Art. 19 Abs.4 GG verbietet den Rechtswegausschluß. Zugangsbeschränkungen dürfen jedoch zulässigerweise normiert werden, soweit sie nicht unzumutbar und aus Sachgründen nicht mehr zu rechtfertigen sind. Klage- und Ausschlußfristen dienen zum einen der Rechtssicherheit, sind aber auch aus Gründen der Verwaltungseffizienz notwendig. Gerade in einer Rechtsordnung, die die öffentliche Gewalt der gerichtlichen Kontrolle in weitem Umfang unterwirft, muß die Verwaltung verläßlich wissen, von wann ab sie ihre Entscheidungen als unangreifbar ansehen und an sie Folgeentscheidungen anknüpfen kann ( vgl, Schmidt-Aßmann in Maunz/Dürig, Art. 19 Abs. IV, Rn. 233 ff.). Angesichts der strengen Folgen, die die Bestandskraft von Verwaltungsakten darüberhinaus auslöst, sind die notwendigen Rahmenbedingungen jedenfalls bewußt zu halten. Die Klagefristen müssen daher eindeutig und unmißverständlich geregelt werden. Ein Normenwiderspruch darf sich nicht zu Lasten des Betroffenen auswirken. Das hätte die Berechnung der Klagefrist entsprechend § 87 Abs.2 SGG bei Bekanntgabe anstelle Zustellung des Widerspruchsbescheides aber zur Folge. Außerdem wäre die Berechnung der Klagefrist für den Rechtssuchenden nicht eindeutig normiert und würde der Formstrenge des Verfahrensrechts nicht gerecht. Danach besteht ein Unterschied zwischem der Bekanntgabe und der Zustellung eines Verwaltungsaktes. Die in § 87 Abs. 2 SGG vorausgesetzte Zustellung ist eine besondere Form der Bekanntgabe, nämlich die in gesetzlicher Form geführte und beurkundete Übergabe eines Schriftstückes mit dem Zweck, den Nachweis von Zeit und Ort der Übergabe zu sichern. Die Bekanntgabe wird diesem Zweck nicht gerecht.

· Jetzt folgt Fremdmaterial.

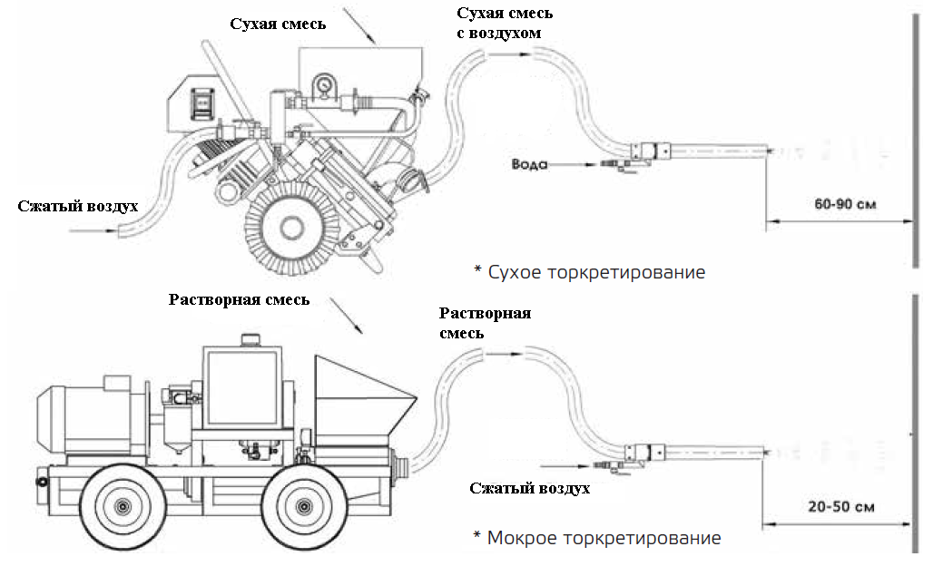 Рис. 3 – Технологическая схема сухого и мокрого торкретирования

Auch eine einschränkende Auslegung des § 87 Abs. 2 SGG dahingehend, dass der Fristbeginn nur für diejenigen Fälle eine Regelung enthält, in denen die Widerspruchsbehörden tatsächlich eine förmliche Zustellung statt einer Bekanntgabe vorgenommen hat, ist ebenfalls ausgeschlossen (vgl. Behn, Michael: Beginn der Klagefrist und Rechtsmittelbelehrung über Fraitbeginn, in: RV 12/98, S. 224). § 87 Abs. 2 SGG regelt ausdrücklich den Fristbeginn in all den Fällen, in denen ein Widerspruchsverfahren stattgefunden hat. Eine Ausnahme gilt nur dann, wenn diese Form des Verfahrens nicht statthaft ist, d. h. der Widerspruch als Rechtsbehelf von vornherein nicht gegeben ist. Nur dann greift § 87 Abs. 1 SGG ein, d. h. die Frist beginnt ab Zustellung oder Bekanntgabe. Eine weitere Ausnahme sieht die Norm nicht vor. Der einschränkenden Auslegung würde darüberhinaus auch Art. 19 Abs.4 GG entgegenstehen. Auf die vorherigen Ausführungen wird Bezug genommen.
Nach alldem war die Berufung zurückzuweisen.
Eine Kostenentscheidung ergeht im Endurteil.
Gründe, die Revision zuzulassen, liegen nicht vor. Die grundsätzliche Bedeutung ist mit der Änderung des § 87 SGG zum 01. Januar 2000 entfallen.